Les propositions de la Commission s'attaquent aux obstacles structurels qui maintiennent le secteur bancaire européen fragmenté. Les fusions transfrontalières au sein de l'UE se sont historiquement révélées difficiles, entravées par les réglementations nationales, des approches de supervision divergentes et des résistances politiques. Cette fragmentation a son importance : elle peut reléguer les banques au rang de champions nationaux de plus petite taille plutôt que de prêteurs régionaux plus vastes, alors même que leurs homologues américains bénéficient d'un marché intérieur plus unifié.

L'arithmétique de la déréglementation

Les chiffres qui sous-tendent ce revirement américain sont frappants. Permettre aux grandes banques de détenir de 2 500 à 2 600 milliards de dollars de capital en moins ne signifie pas que cet argent disparaît. Cela signifie que les banques peuvent le déployer, que ce soit par un accroissement des prêts aux entreprises, une expansion des activités de négoce ou un retour de capital aux actionnaires sous forme de rachats d'actions et de dividendes.

Les règles initiales de Bâle III Endgame, élaborées à la suite de la crise financière de 2008, reposaient sur le principe que les banques devaient disposer de nettement plus de capital afin d'éviter une répétition de la quasi-effondrement du système financier mondial. Les régulateurs de l'administration Trump ont une lecture différente : les réformes d'après-crise sont allées trop loin et des exigences de capital excessives freinaient la croissance économique.
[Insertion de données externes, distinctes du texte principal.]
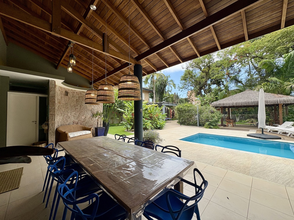 Cette maison pleine de style est idéale pour ceux qui recherchent confort, confort et belles plages. Son thème est indigène (vous verrez certainement beaucoup d'Indiens autour de la maison). L'emplacement est un autre point qui attire l'attention, car il est situé dans une copropriété avec seulement 10 maisons et dans une région extrêmement privilégiée qui facilite l'accès à plusieurs plages, sentiers, cascades, sites touristiques, promenades en bateau vers les îles et d'excellents bars/restaurants.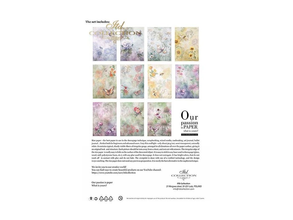 Sada obsahuje: - 11 rýžových papírů 30-35 g/m² s grafikou - formát A4 (A4 - 210x297 mm / 8,27x11,7 palce ; gramáž papíru 30-35 g/m²)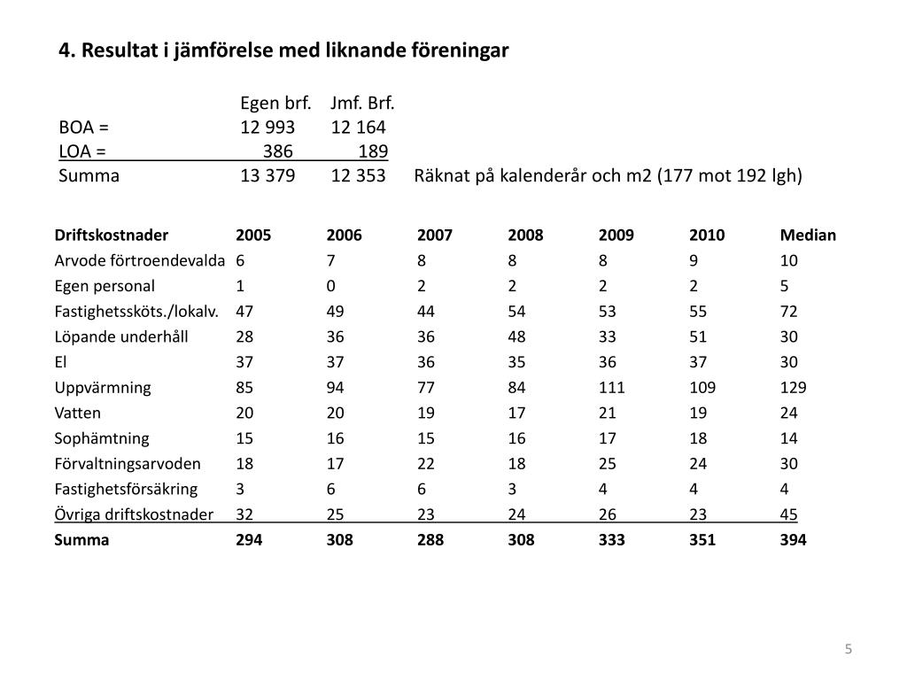4. Resultat i jämförelse med liknande föreningar Egen brf. Jmf. Brf.BOA = 12 993 12 164LOA = 386 189Summa 13 379 12 353 Räknat på kalenderår och m2 (177 mot 192 lgh) Driftskostnader 2005 2006 2007 2008 2009 2010 Median Arvode förtroendevalda 6 7 8 8 8 9 10 Egen personal 1 0 2 2 22 5 Fastighetssköts./lokalv. 47 49 44 54 53 55 72 Löpande underhåll 28 36 36 48 33 51 30 El 37 37 36 35 36 37 30 Uppvärmning 85 94 77 84 111 109 129 Vatten 20 20 19 17 21 19 24 Sophämtning 15 16 15 16 17 18 14 Förvaltningsarvoden 18 17 22 18 25 24 30 Fastighetsförsäkring 3 6 6 3 4 44 Övriga driftskostnader 32 25 23 24 26 23 45 Summa 294 308 288 308 333 351 394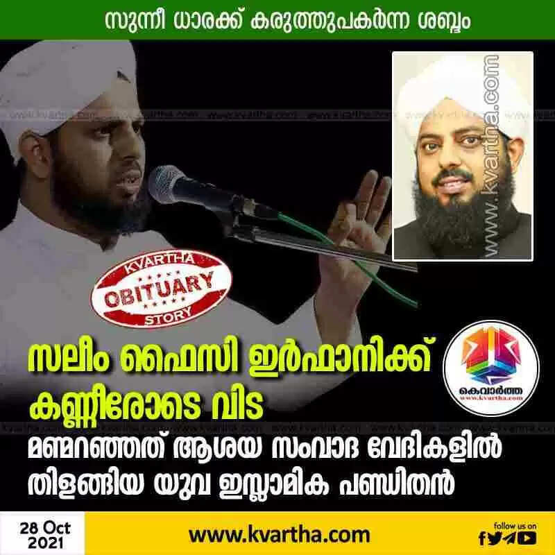 കണ്ണൂർ: (www.kvartha.com 28.10.2021) യുവ ഇസ്ലാമിക പണ്ഡിതൻ സലിം സലീം ഫൈസി ഇർഫാനിക്ക് കണ്ണീരോടെ വിട. ആശയ സംവാദ വേദികളിൽ നിറസാന്നിധ്യമായിരുന്നു അദ്ദേഹം സുന്നീ പക്ഷത്തെ ഉറച്ച ശബ്ദമായിരുന്നു. മികച്ചൊരു പ്രഭാഷകൻ കൂടിയായിരുന്നു അദ്ദേഹം. ചുരുങ്ങിയ കാലം കൊണ്ട് തന്നെ വൈജ്ഞാനിക രംഗത്ത് അത്ഭുതകരമായ നേട്ടം കൈവരിക്കാൻ അദ്ദേഹത്തിനായിരുന്നു.

Les banques américaines, de leur côté, ne s'en plaignent pas. Les profits records enregistrés dans l'ensemble du secteur suggèrent que l'environnement actuel profite aux actionnaires. Le contraste avec les banques européennes, dont beaucoup peinent sur le plan de la rentabilité depuis plus de dix ans, est difficile à ignorer, et il aide à comprendre pourquoi Bruxelles présente la réforme comme une question de compétitivité plutôt que uniquement réglementaire.

Implications pour les marchés et les régulateurs

La divergence réglementaire transatlantique crée plusieurs dynamiques qui méritent d'être suivies.

Premièrement, les banques américaines disposant de davantage de capital mobilisable pourraient se montrer encore plus agressives dans des domaines comme la banque d'investissement, le négoce et le prêt international. Cela intensifie la concurrence pour les banques européennes, non seulement sur leur marché intérieur, mais aussi sur les marchés émergents où les deux camps s'affrontent pour conquérir des clients.

Deuxièmement, la poussée réformatrice de la Commission européenne se heurte à de réels obstacles politiques. La réglementation bancaire dans l'UE implique un écheveau complexe d'intérêts nationaux, et les pays dotés de vastes secteurs bancaires nationaux ont historiquement résisté aux changements susceptibles d'exposer leurs institutions à la concurrence transfrontalière. Parvenir à un accord entre 27 États membres sur une simplification substantielle est un processus qui avance généralement à la vitesse de la dérive des continents.

Troisièmement, il existe une véritable tension entre compétitivité et stabilité financière. La crise de 2008 a appris aux régulateurs que des banques insuffisamment capitalisées peuvent faire chuter des économies entières. Les régulateurs européens devront trouver un équilibre entre le désir de parité compétitive et le risque d'une course réglementaire vers le bas, tout en observant la part de la proposition américaine qui survivra au processus politique et de supervision avant sa mise en pratique.